My test results label me Introverted, Sensing, Feeling, and Judging. Not that I can't function in other realms, but this is where I often find myself, with little effort.

The book will describe for you each of these descriptors, then list strengths and weaknesses in relation to being a mom. Then it lists several HELPFUL tips.

For example:
"If you have a very extroverted child, set boundaries to protect your needs for Introversion and his or her needs to interact with you. Retreat to solitude before you reach your limit. You'll avoid exploding and feeling guilty afterward."

These descriptions of the Sensing personality really resonated with me:
"Being overly focused on details and small incidents. Because it's hard for a Sensing mom to see the big picture, she may get stuck on the "small stuff" -- a hair out of place or a dirty dish left in the sink."
"The SJ mom is typically adept at providing security, doing "for" her children and providing what a parent "should". She tends to be traditional in her approach to mothering and strives for daily routines designed to assure stability and consistency in her child's life."

And I love this:
"For the Sensing mom, "taking care of me" means feeding the senses -- avoiding sensory deprivation.
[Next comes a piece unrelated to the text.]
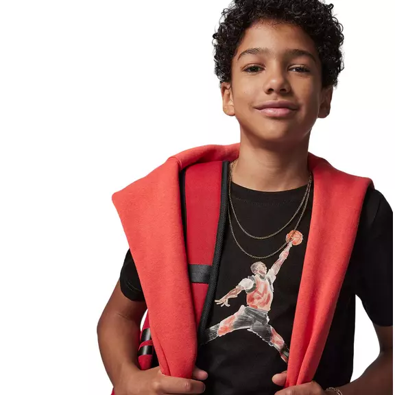 Michael Jordan's athletic art is featured on this classic cotton/polyester jersey t-shirt. It has a regular fit that allows you to move freely and the tagless crew neck provides a comfortable wear.

Too much dullness and sameness in the things around you can make you wilt. Revitalize yourself with rich sensory experiences."
{Enter, The Symphony or Martha Stewart Living or gazing at beautiful photographs}

There are many strengths of a Feeling mother, such as:
"Tuning in and being responsive to your children's needs. The Feeling mother expresses love by giving to her children and doing things for them and with them. She goes to great lengths to make her children happy, aiming to please, even if it means self-sacrifice." 
BUT, it can be hard to "get your own needs identified and met" and "deal with multiple wants and constant demands". 

Aaaaaaahh, the structured, orderly, planned Judging mother {yep, that's me}. Organized, yes. But needs to "relax and have fun when things still need to get done". A mother's work is NEVER done. So it can be a real struggle for the Judging mother to "live with the never-completed aspects of housekeeping and children". And learn to "function amid clutter, disorder, commotion and MESS".

I'll borrow an insightful blogger's terminology and call this the Difficult, Down and Dirty Training. And I believe I have graduated. Well, maybe not summa cum laude. That is, I have grown to accept a certain amount of disorder while I make haste to clean up the other messes...not altogether in a relaxed and I'm-having-fun state of mind....but I'm getting better!!

I'm know, I'm an odd character, but that's me. Been this way for a few years now... ;p

So, the rest of the book goes on to describe each combo (eg. ESTP or INFJ). I was amazed at how well their description matched up with me. Amazing. Down to the need for appreciation and the mom-guilt.

It tells me that I need to cultivate my own interests and put my needs first every so often. That I'll do better if I structure time to be quiet and alone. See, isn't that insightful? How does the author know me?

I think we'll need a Part Two to this post, since I'm still reading through the sections on DADS and parent/child personality interactions.